Again personally I like a breed for the Foudation and Classic American Shetland pony because they remind me more of the first Shetland ponies who were brought to this country and bred. I LOVE to watch the Moderns as they are so exciting to see strut their stuff, but I don't believe I want one.

JMO,

Jenny


----------



## Indian*R*A*I*N*Dance (Nov 17, 2007)

Is this modern or classic shows? Whats the difference?


----------



## Leeana (Nov 17, 2007)

> Indian*R*A*I*N*Dance Posted Yesterday, 09:24 PM Is this modern or classic shows? Whats the difference?


The moderns, classics and foundations are all different 'types' of American Shetlands. The American Shetland is a breed in whole. The moderns have a mix of Hackney blood which is why they possess more extreme movement.

The classics and foundations have less movement (for the most part) and dont carry any hackney blood in the upfront pedigree.

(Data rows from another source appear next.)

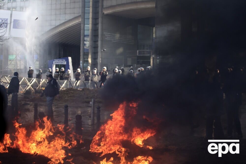 Небольшие группы пытались снести заграждения, возведенные перед парламентом в нескольких кварталах от места проведения саммита ЕС, но полиция применила слезоточивый газ и облила фермеров водой из шлангов, чтобы оттеснить их. По оценкам полиции, была повреждена статуя на площади, а основные магистрали Брюсселя были заблокированы примерно 1300 тракторами.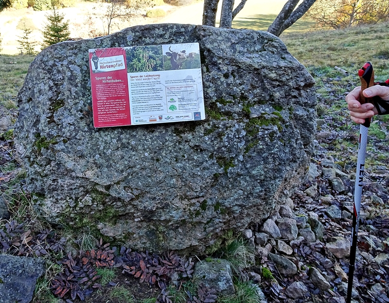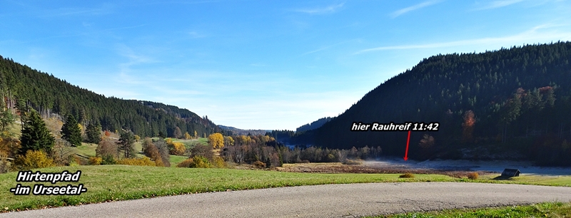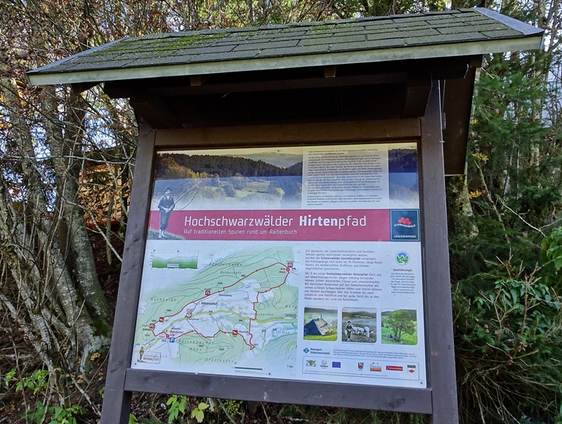 Der Hochschwarzwälder Hirtenpfad führte uns von hier aus, über stetig ansteigenden Wegen entlang von, mit Rauhreif belegten, Wiesen. Die Wege im Wald sind mit Baumwurzeln durchzogen. Wir waren froh das wir den Wanderweg links rum und steigend gegangen sind und nicht die empfohlene Wegrichtung, denn, bei feuchten Wegen und feuchten Baumwurzeln ist es nicht grad ratsam abwärts zu gehen. Obwohl, es sind uns einige Wanderer entgegen gekommen die die empfohlene Wegrichtung gegangen sind.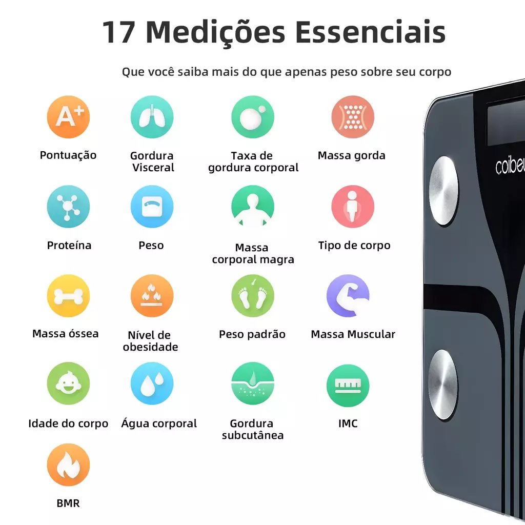 A balança inteligente oferece 17 medições essenciais, incluindo gordura visceral, massa muscular, taxa de gordura corporal, peso ideal e muito mais. Fique no controle do seu bem-estar com resultados detalhados.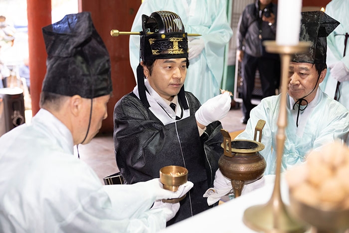 이미지 확대보기석전대제는 공자를 비롯한 유교 성현들의 학덕과 가르침을 기리는 국가무형문화재 제85호 제례로, 조선시대부터 이어져 내려온 가장 전통 있고 권위 있는 유교 의식이다. 초헌관은 제례의 첫 잔을 올리는 가장 높은 직위로, 의식의 중심을 담당한다.

The moderns and classics show at the same AMHR/ASPC shows but in different classes and division.


----------



## Mercysmom (Nov 18, 2007)

disneyhorse said:


> I voted for Modern. I have three of them and I just LOVE them. They are the horse I've always aspired to own.
> 
> That said, you can't deny the beauty and kindness of the Classic. The Classic American Shetland is a beautiful pony and I am just AMAZED at the consistency of quality at Congress. They ALL are amazingly correct with wonderful toplines, upright hooky necks, and beautiful little heads. To pick the champion it seems truly comes down to the nuances of type and conformation. AND they move beautifully, too. Coming from the minis, where conformation and movement runs a huge range... I just appreciate how truly consistent in quality they are.
> 
> ...


I voted Modern - have loved them since I was little and read "Easter Pony" and "The Show Ring, Easter Pony Grows Up" about an orphaned Shetland Pony who was a Modern.

Agreed but I feel I am lucky - one Modern I had looked at was a beautifully conformed horse but could not move without stretchies as a foal. Neffie is growing into her attitude and her modified diet - her tongue is paralyzed from the tip to 2 inches up so she is on a slurry diet - and I cannot feel her ribs like I could before.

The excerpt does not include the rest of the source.